Go through the entries below and count the lines holding the word "Women". Reply with only the number, please.
Material provided: Begin
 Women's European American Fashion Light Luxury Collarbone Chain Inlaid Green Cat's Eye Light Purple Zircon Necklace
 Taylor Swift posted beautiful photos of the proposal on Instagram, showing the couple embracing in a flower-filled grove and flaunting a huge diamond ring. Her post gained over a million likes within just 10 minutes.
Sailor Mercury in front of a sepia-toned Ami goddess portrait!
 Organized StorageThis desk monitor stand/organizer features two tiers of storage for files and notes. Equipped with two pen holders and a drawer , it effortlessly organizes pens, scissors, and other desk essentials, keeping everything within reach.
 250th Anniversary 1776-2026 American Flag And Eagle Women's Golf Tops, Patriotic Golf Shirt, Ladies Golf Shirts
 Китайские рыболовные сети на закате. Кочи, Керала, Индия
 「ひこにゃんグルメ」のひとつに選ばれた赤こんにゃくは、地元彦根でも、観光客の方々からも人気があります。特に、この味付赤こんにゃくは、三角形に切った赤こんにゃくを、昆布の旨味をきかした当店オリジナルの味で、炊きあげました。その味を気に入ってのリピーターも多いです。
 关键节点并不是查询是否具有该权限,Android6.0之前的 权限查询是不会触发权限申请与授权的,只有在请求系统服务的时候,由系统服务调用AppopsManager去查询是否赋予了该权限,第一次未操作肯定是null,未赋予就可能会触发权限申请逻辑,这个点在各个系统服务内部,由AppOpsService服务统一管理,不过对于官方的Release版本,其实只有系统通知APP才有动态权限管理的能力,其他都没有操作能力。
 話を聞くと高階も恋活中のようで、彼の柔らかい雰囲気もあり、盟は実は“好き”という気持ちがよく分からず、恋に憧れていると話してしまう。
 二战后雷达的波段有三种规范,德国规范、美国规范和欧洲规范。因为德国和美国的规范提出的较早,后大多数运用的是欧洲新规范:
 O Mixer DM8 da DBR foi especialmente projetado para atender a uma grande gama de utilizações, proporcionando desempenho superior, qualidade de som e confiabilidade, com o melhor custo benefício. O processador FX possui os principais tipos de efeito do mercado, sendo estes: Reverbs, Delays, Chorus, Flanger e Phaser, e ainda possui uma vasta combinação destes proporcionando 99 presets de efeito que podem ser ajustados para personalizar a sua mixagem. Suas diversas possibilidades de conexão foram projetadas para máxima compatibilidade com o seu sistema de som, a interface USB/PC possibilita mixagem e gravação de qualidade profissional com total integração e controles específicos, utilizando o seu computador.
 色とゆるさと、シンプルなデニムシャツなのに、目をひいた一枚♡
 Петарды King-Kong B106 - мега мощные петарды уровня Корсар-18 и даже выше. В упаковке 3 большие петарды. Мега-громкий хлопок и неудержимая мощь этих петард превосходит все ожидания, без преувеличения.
Material provided: End
* Answer section: 2